課題探り、整理・分析、考察 問いを重ね創造性育む

 「発信! たけ組新聞社」の計10時間の授業では、子どもたちに次々に問いを投げかける工夫が見られた。

 最初に、新聞が身近な媒体でありながら情報収集手段としてあまり活用されていない点に着目。「新聞の特長とは何か」という問いから始め、新聞記者や東日本大震災発生当時、中学校で学校新聞を作り被災者に情報提供した大学生をゲストティーチャーとして招くなど、情報媒体としての有効性を気付かせる。

 その上で、新聞コーナーの利用状況を児童自らが全校アンケートを行って調べ「『9割がコーナーを知っている』のに『利用は3割』」という「事実のずれ」から、新聞コーナーの利用促進方法を考える第2の課題へ。

 グループで練り合った企画・提案ができた後は、さらに利用率を高める活動を「継続性」という別の視点で考える「批判的思考」を導き、再検討を重ねた。

 子どもたちはアイデアを出し合っては立ち止まり、課題を探り、集めた情報を整理・分析し、考える-というプロセスを繰り返す。その間、新聞スクラップ活動を始め、新聞への認識を深めた。関戸教諭は「一連の流れの中で創造性が育まれる」と説明する。

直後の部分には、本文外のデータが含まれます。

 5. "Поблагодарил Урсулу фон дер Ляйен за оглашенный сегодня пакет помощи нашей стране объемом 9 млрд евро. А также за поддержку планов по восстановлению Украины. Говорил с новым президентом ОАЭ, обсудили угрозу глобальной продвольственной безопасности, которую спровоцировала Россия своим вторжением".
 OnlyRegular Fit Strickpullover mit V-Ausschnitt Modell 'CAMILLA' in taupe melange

 次は、企画を決定し活動を始め、継続させる段階。単元の10時間目は、しばらく間を取り、12月後半、振り返りに使う予定だ。


 関戸 裕教諭に聞く 学びと実社会をつなぐ

 総合的な学習で新聞コーナーの利用促進に取り組んだ関戸裕教諭に新聞の持つ力などを聞いた。

 新聞が子どもたちに与える力は、学んだことを生活につなげること。勉強したことが、実社会に対する見方や考え方として働くようになり「自分事」として受け止められるようになる。

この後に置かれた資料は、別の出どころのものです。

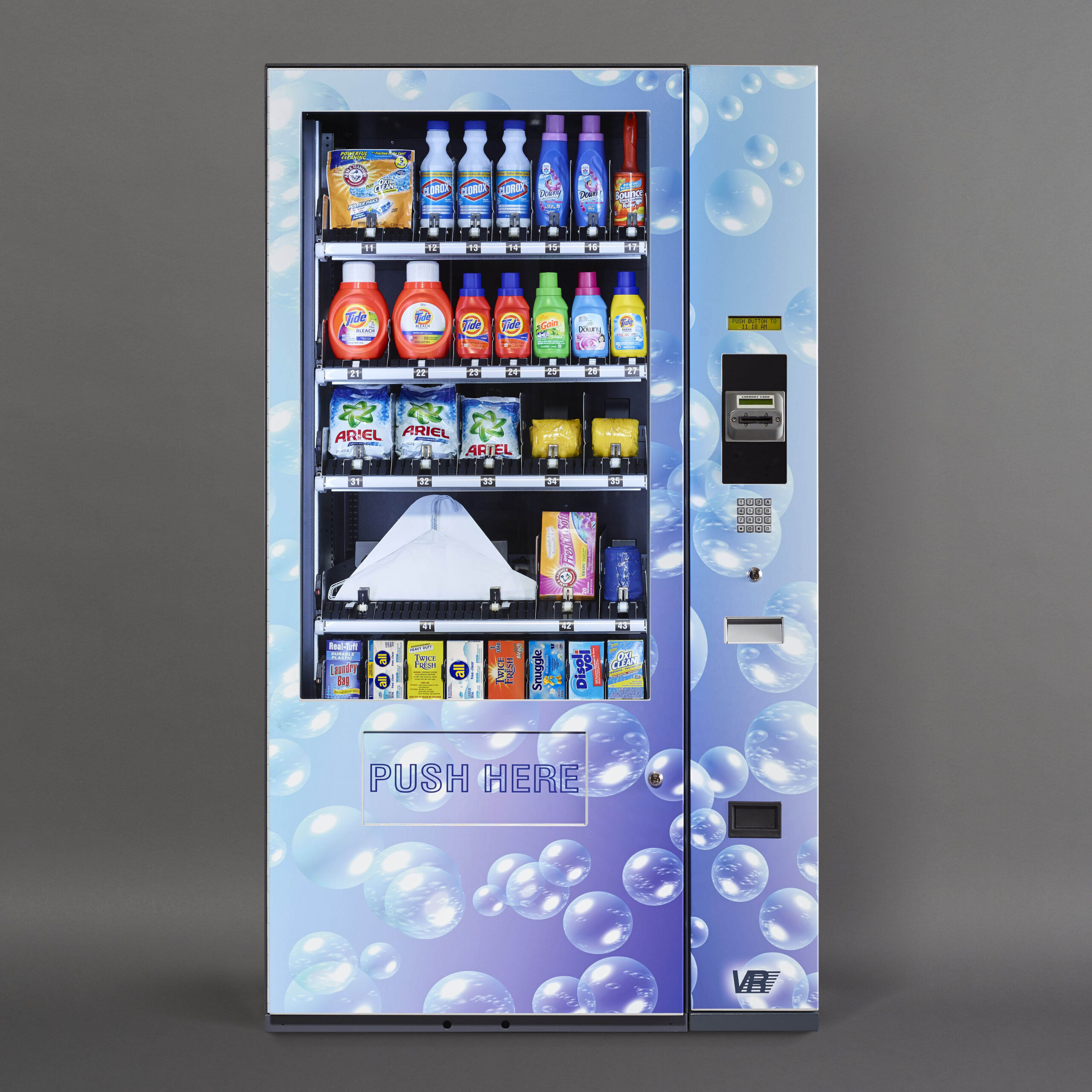 The large elevator of the ES unit lets laundries vend a wide variety of soap products, even really big items like a 75oz bottle of detergent.

 また、紙面から得られるこれまで関心のなかった情報は、興味を広げアンテナを高くする。すぐに生きる知識ではないが、いろんなところから、いつか使う情報を集めることに結び付いていく。

 スクラップは、スタートして、まだ数回しか行っていないが、文章に対する集中力が高まり、要約を心掛けて読むようになった。記事に対して、自分の考えを持とうとする姿勢が見え始め、積極的に学んだことをスクラップする芽生えが感じられる。

 情報化社会の中で、子どもたちはネットに頼りがちだが、信ぴょう性や正確さを考えて使うようになってほしい。新聞は情報ツールとして優れている。「字が多い」、「難しそう」といった食わず嫌いはもったいない。複数の情報に接し、書き方の違いを見極め、一つの出来事に対していろいろな角度で考える力を育てていきたい。